ONX-0914 Induces Apoptosis and Autophagy with p53 Regulation in Human Glioblastoma Cells

SIMPLE SUMMARY: ONX-0914 (PR957) is a proteasome subunit beta type-8 (PSMB8)-selective inhibitor. Previous studies have shown that inhibiting PSMB8 expression in a glioblastoma reduces tumor progression and angiogenesis. This study shows that ONX-0914 inhibits glioblastoma cell proliferation and induces cell death through apoptosis and autophagy via p53. In a mouse xenograft model, TMZ-combined ONX-0914 reduced tumor progression. This is the first study to evaluate the ONX-0914 function in glioblastomas. ABSTRACT: Glioblastoma is believed to be one of the most aggressive brain tumors in the world. ONX-0914 (PR957) is a selective inhibitor of proteasome subunit beta type-8 (PSMB8). Previous studies have shown that inhibiting PSMB8 expression in glioblastoma reduces tumor progression. Therefore, this study aimed to determine whether ONX-0914 has antitumor effects on human glioblastoma. The results indicated that ONX-0914 treatment inhibited survival in LN229, GBM8401, and U87MG glioblastoma cells. Cell cycle analysis showed that ONX-0914 treatment caused cell cycle arrest at the G1 phase and apoptosis in glioblastoma cells.

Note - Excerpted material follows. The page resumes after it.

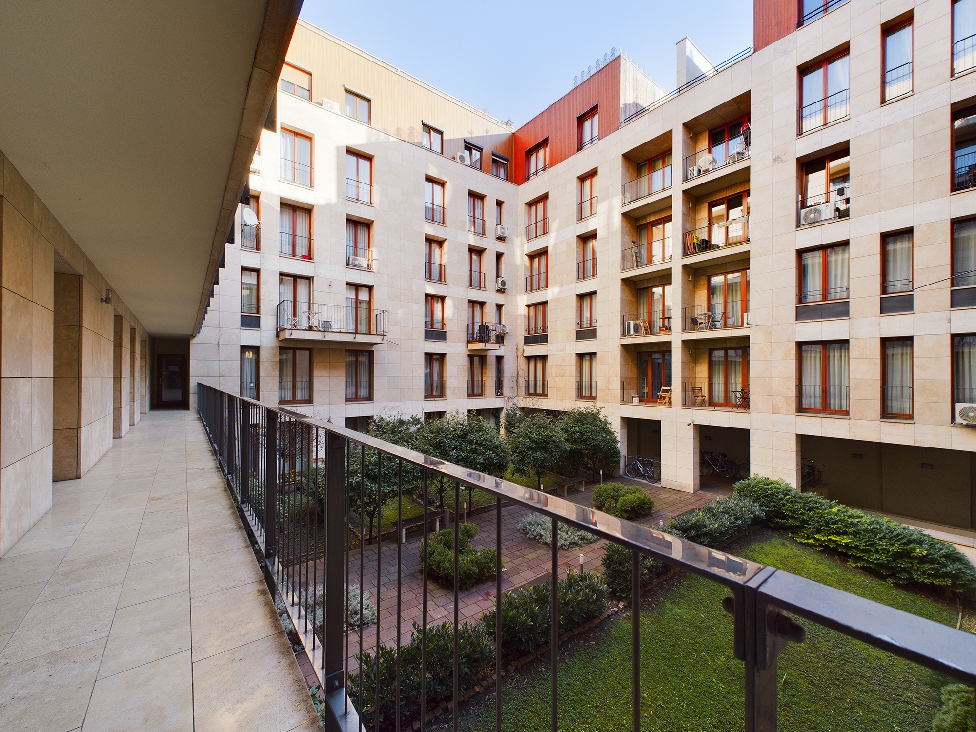 Built in 2007, the Renaissance House is a 6-storey condominium with a Mediterranean atmosphere in the heart of the Party District, opposite the Szimpla Garden. It has a 24-hour reception and a CCTV system, it consists of 2 buildings, both with lifts. The internal green garden is well-kept, the apartments facing the garden are quiet and do not overhear the noise of the always bustling Kazinczy Street. Parking is available in the two-level underground garage.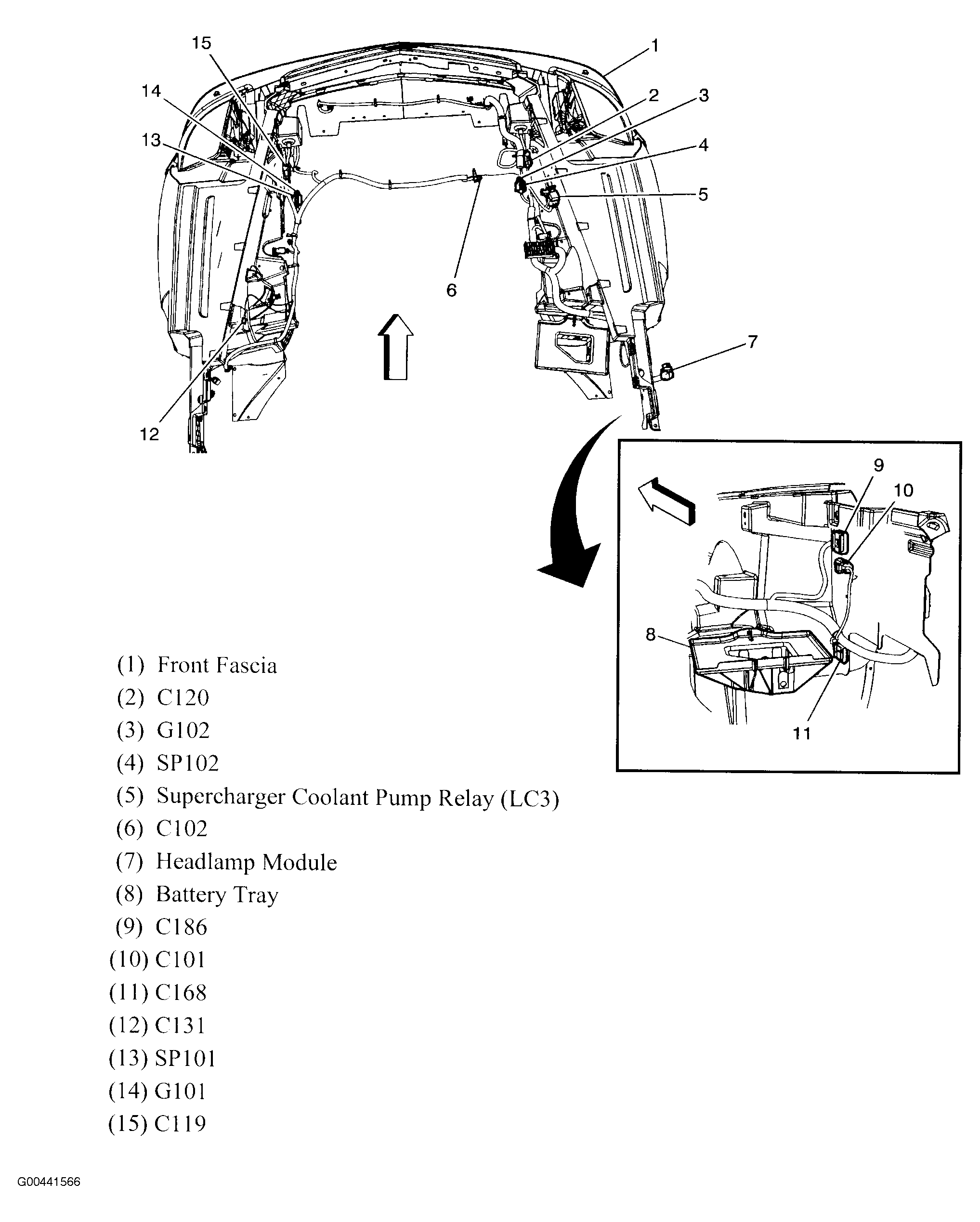 | Headlamp Module | Right rear corner of engine compartment. See Figure. |

The protein expression of BCL-2 was reduced and PARP was cleaved after ONX-0914 treatment. Furthermore, the levels of p53 and phosphorylated p53 were increased by ONX-0914 treatment in glioblastoma cells. ONX-0914 also induced autophagy in glioblastoma cells. Furthermore, the p53 inhibitor pifithrin attenuated apoptosis but enhanced autophagy caused by ONX-0914. In an orthotopic mouse model, TMZ plus ONX-0914 reduced tumor progression better than the control or TMZ alone. These data suggest that ONX-0914 is a novel therapeutic drug for glioblastoma.